Шамус покачал головой.

— Вы не понимаете, что это за человек, — попытался объяснить он, — и какие у него взаимоотношения со здешними людьми. Тут, на диком севере, он значит больше, чем сам король.

— Какая самонадеянность! — мрачно заявил епископ. — Очень опасная, очень. Ты должен был пойти с ним или, по крайней мере, сопровождать его незаметно. Сегодня же ночью собери людей и с удвоенной скоростью отправляйтесь вдогонку.

— И вы с нами?

Де'Уннеро бросил на капитана презрительный взгляд.

— Я опережу вас. К тому времени, когда вы догоните меня, с Полуночником должно быть покончено. Ты со своими солдатами поможешь мне доставить в Палмарис уцелевших, если, конечно, они будут. — Шамус открыл было рот, но епископ остановил его. — Все, пора в путь.

Они вышли из рощи и увидели Томаса вместе с несколькими другими крестьянами, которые делали вид, что у них тут свои дела.

— Они поняли, что вы охотитесь на Полуночника, — шепнул Шамус Де'Уннеро на ухо.

Епископ презрительно фыркнул.

— Что мы охотимся на него, ты имеешь в виду, — прошептал он в ответ. — Не говори им, кто я такой.

Шамус лишь кивнул, не пускаясь в расспросы. В конце концов, Де'Уннеро действовал от имени короля.

Сбившись в тесную группу и сжимая в руках оружие, Томас и его товарищи подошли к монаху и капитану.

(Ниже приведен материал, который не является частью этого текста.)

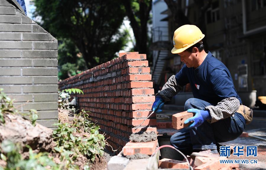 4月26日,工人在渝中區(qū)大溪溝街道雙鋼路社區(qū)改造提升項(xiàng)目施工現(xiàn)場作業(yè)。近段時間以來,重慶市渝中區(qū)大溪溝街道加快推進(jìn)轄區(qū)內(nèi)老舊小區(qū)改造提升工作,從環(huán)境衛(wèi)生、房屋管理及養(yǎng)護(hù)、安防及車輛管理、綠化管理等方面進(jìn)行綜合改造提升,以增強(qiáng)社區(qū)居民的幸福感、獲得感、安全感。新華社記者王全超攝

Но не с целью напасть, понимал Де'Уннеро; после всего случившегося на это у них не хватит мужества. В воздухе ощущалось вязкое напряжение, и епископ, получавший от этого дополнительное удовольствие, решил еще немного усилить его.

— Если кто-то захочет предупредить человека по имени Полуночник, что я отправляюсь на его поиски, пусть отдает себе отчет в том, что выступает против церкви Абеля и что наказание будет скорым и неотвратимым.

Шамус подумал, что Де'Уннеро перегибает палку.

Однако епископ понимал, что одержал верх. И действительно, Томас и остальные отошли в сторону, позволив им с капитаном пройти.

Идя вслед за епископом, Шамус чувствовал, как в его душе нарастает злость. Только когда они остались одни, он заметил трансформацию, происшедшую с рукой его спутника, — мощные когти, торчащие из складок широкого рукава. Капитана охватила дрожь, но на пути в Дундалис он не произнес ни слова. Де'Уннеро повторил свой приказ выйти в путь той же ночью и ушел, направляясь на север.

В лесу между тем Томас Джинджерворт с товарищами изумленно разглядывали кожаную тунику, разодранную в клочья с такой легкостью, словно она была бумажная.

— Полуночник с ним справится, — сказал один из них, и все остальные согласно закивали.

Томас тоже кивал, хотя в душе отнюдь не был уверен в правильности такой оценки. Однако он не мог позволить себе показать это; напротив, он должен был помочь им найти хотя бы некоторое успокоение в искренней вере в Полуночника, ставшего всем им другом. Этот странный, смертельно опасный монах взволновал их всех, и в особенности Томаса, который единственный смотрел этому человеку в глаза и прочел в них такую силу воли, мощь и уверенность в собственном превосходстве, каких и вообразить себе не мог.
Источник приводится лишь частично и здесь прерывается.